What does “motion prompting” add to AI video generation control?
How is Runway Act One’s update different from its earlier approach?
What is the core promise behind Google Genie2 as described here?
Why are 11 Labs and Mind Search grouped together in the roundup?
Review Questions
- Which pricing numbers in the roundup most directly support the claim that Llama 3.3 70B is cheaper than GPT-4o, and for what token types?
- In the GeoGuessr demo, what kinds of visual evidence does Copilot Live Vision use to guide decisions?

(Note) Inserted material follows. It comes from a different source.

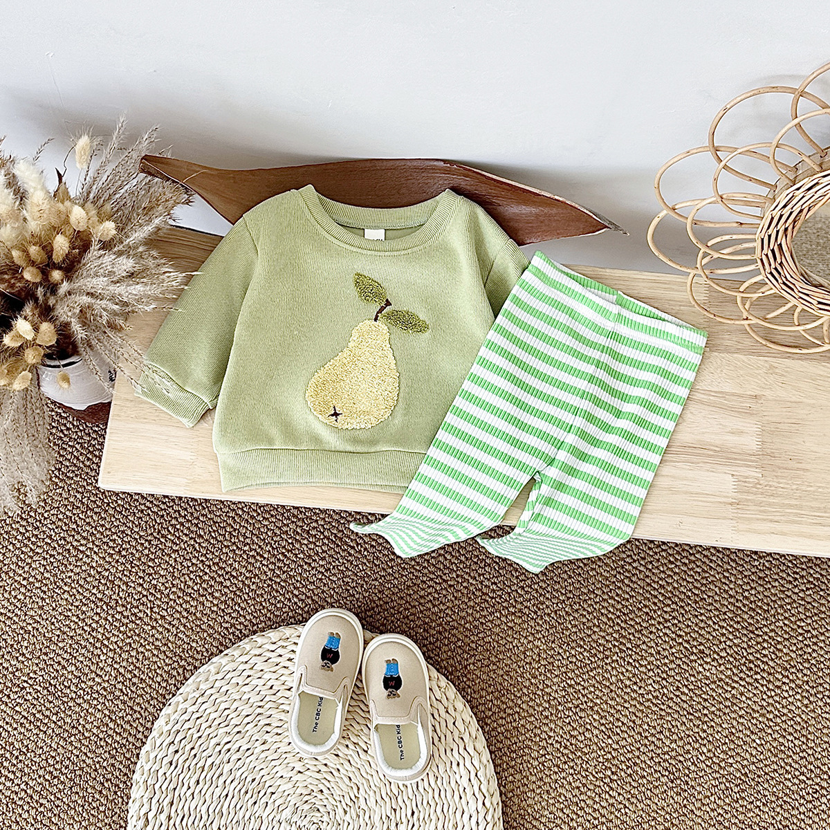 -Блузка тип суитшърт, изработена от фино рипсено плетиво в свеж зелен цвят, с акцент – голяма плюшена апликация на круша отпред, мека, обемна и изключително чаровна; кройката е свободна, с леко спуснати рамене и еластични маншети за максимален комфорт

- What distinguishes Runway Act One’s new video-based acting transposition from its earlier image-based version?
Key Points
- 1
Llama 3.3 70B is presented as near–state-of-the-art in quality while being far cheaper than GPT-4o, with quoted input pricing of $0.10 per 1M tokens versus $2.50 and output pricing of $0.40 per 1M tokens versus $10.
- 2
Meta’s Llama 3.3 70B is positioned as fully open source and available via Meta and Hugging Face links, with both local and API-based usage options.
- 3
Microsoft Copilot’s Live Vision enables real-time screen understanding, letting users show Copilot what they’re doing and receive guidance as they interact with apps and games.
- 4
Interactive motion control is emerging in AI video workflows, with “motion prompting” demos that respond to mouse dragging and shaking to drive physics-like changes.
- 5
Runway Act One’s update shifts from acting-on-images to acting-on-video, layering facial and hand performance onto moving background footage.
- 6
11 Labs offers a business-oriented platform for building conversational AI agents quickly, emphasizing build/test/deploy and integrations for websites and apps.
- 7
Google’s Genie2 is described as a diffusion world model that generates interactive, real-time “gameplay” from commands and can maintain short-term world consistency (about a minute).